I have created the table with Athena in the source account like this:
CREATE TABLE iceberg_table (
id int,
data string,
category string)
PARTITIONED BY (category, bucket(16,id))
LOCATION 's3://************/dzd_ceozi0qzepfll7/datazone/409ty6lk11tpqj/'
TBLPROPERTIES (
'table_type'='ICEBERG',
'format'='parquet',
'write_compression'='snappy',
'optimize_rewrite_delete_file_threshold'='10'
)
INSERT INTO "iceberg_table" ("id", "data", "category")
VALUES (1, 'my data', '100'),
(2, 'hello', '200'),
(3, 'this', '100'),
(4, 'is', '200'),
(5, 'a test', '300');
Then I registered it as a data asset in DataZone and shared it with a different project that has an environment in another AWS account. So far, so good. I was then able to query the shared table in the other account with Athena. Then I though it wouldn't be a big thing to read the table from EMR (or in a Glue notebook).
I started a Glue notebook with an IAM role that has the necessary Glue, S3, and Lake Formation permissions. This is the code of the notebook:
%idle_timeout 60
%glue_version 4.0
%worker_type G.1X
%number_of_workers 2
%%configure
{
"--conf":"spark.sql.extensions=org.apache.iceberg.spark.extensions.IcebergSparkSessionExtensions",
"--datalake-formats":"iceberg"
}
from awsglue.context import GlueContext
from awsglue.job import Job
from awsglue.utils import getResolvedOptions
from pyspark.sql import SparkSession
catalog_nm = "glue_catalog"
s3_bucket = "s3://************/dzd_ceozi0qzepfll7/datazone/4qaoomp2oefmkr/"
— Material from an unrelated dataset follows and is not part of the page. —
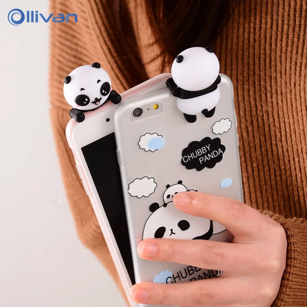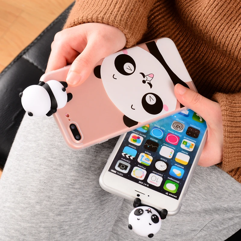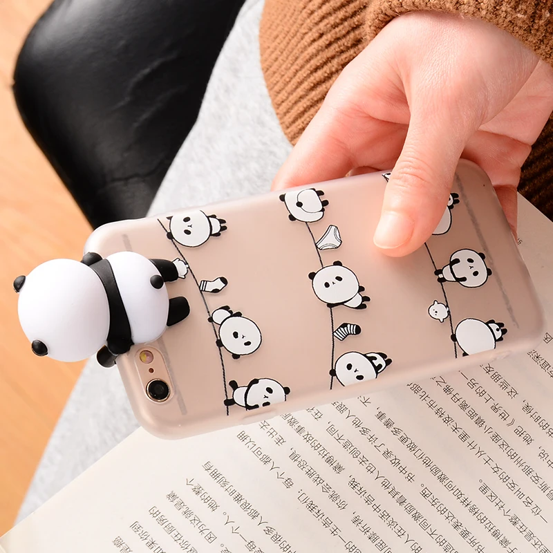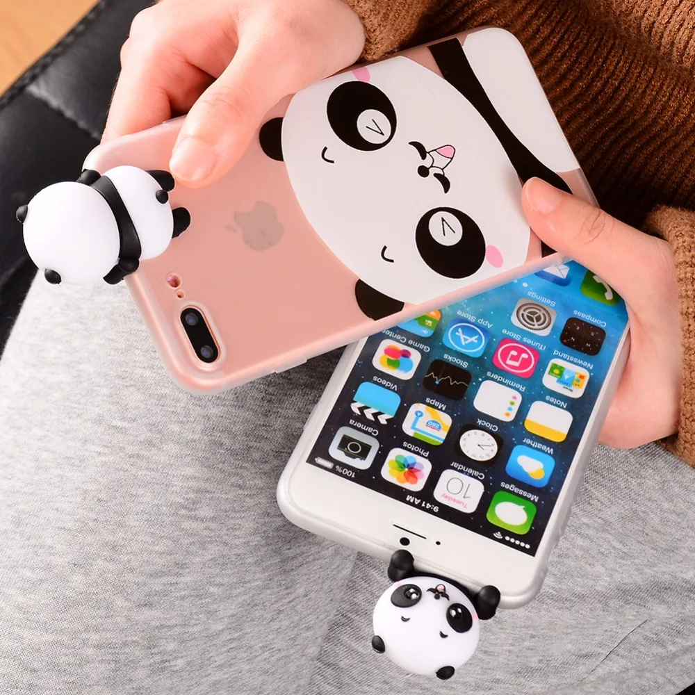 mobile phone covers:3D Cute panda transparent case for iphone 7 8 X case

spark = SparkSession.builder \
.config("spark.sql.defaultCatalog", catalog_nm) \
.config(f"spark.sql.catalog.{catalog_nm}",
"org.apache.iceberg.spark.SparkCatalog") \
.config(f"spark.sql.catalog.{catalog_nm}.warehouse", s3_bucket) \
.config(f"spark.sql.catalog.{catalog_nm}.catalog-impl",
"org.apache.iceberg.aws.glue.GlueCatalog") \
.config(f"spark.sql.catalog.{catalog_nm}.io-impl",
"org.apache.iceberg.aws.s3.S3FileIO") \
.getOrCreate()
sc = spark.sparkContext
glueContext = GlueContext(sc)
job = Job(glueContext)
%%sql
show databases
%%sql
show tables in consumerdatalake_sub_db
%%sql
select * from glue_catalog.consumerdatalake_sub_db.iceberg_table limit 10
Both, the show databases
and show tables in ..
are working fine. But the last select
statement results in the following error:
Py4JJavaError: An error occurred while calling o77.sql.
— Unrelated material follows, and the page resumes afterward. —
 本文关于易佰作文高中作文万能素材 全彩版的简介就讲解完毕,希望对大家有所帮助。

: org.apache.iceberg.exceptions.ValidationException: Input Glue table is not an iceberg table: glue_catalog.consumerdatalake_sub_db.iceberg_table (type=null)
at org.apache.iceberg.exceptions.ValidationException.check(ValidationException.java:49)
at org.apache.iceberg.aws.glue.GlueToIcebergConverter.validateTable(GlueToIcebergConverter.java:48)
at org.apache.iceberg.aws.glue.GlueTableOperations.doRefresh(GlueTableOperations.java:116)
at org.apache.iceberg.BaseMetastoreTableOperations.refresh(BaseMetastoreTableOperations.java:95)
at org.apache.iceberg.BaseMetastoreTableOperations.current(BaseMetastoreTableOperations.java:78)
at org.apache.iceberg.BaseMetastoreCatalog.loadTable(BaseMetastoreCatalog.java:43)
.....
It seems like Glue cannot infer that the table type is actually "iceberg". As a test, I created the same Iceberg table in the default Glue catalog of the subscriber account and I was able to query that table without any issues. I compared the Glue tables and both say "Table Type: ICEBERG". Are there any restrictions when trying to read a shared Iceberg table? Any idea what could be missing?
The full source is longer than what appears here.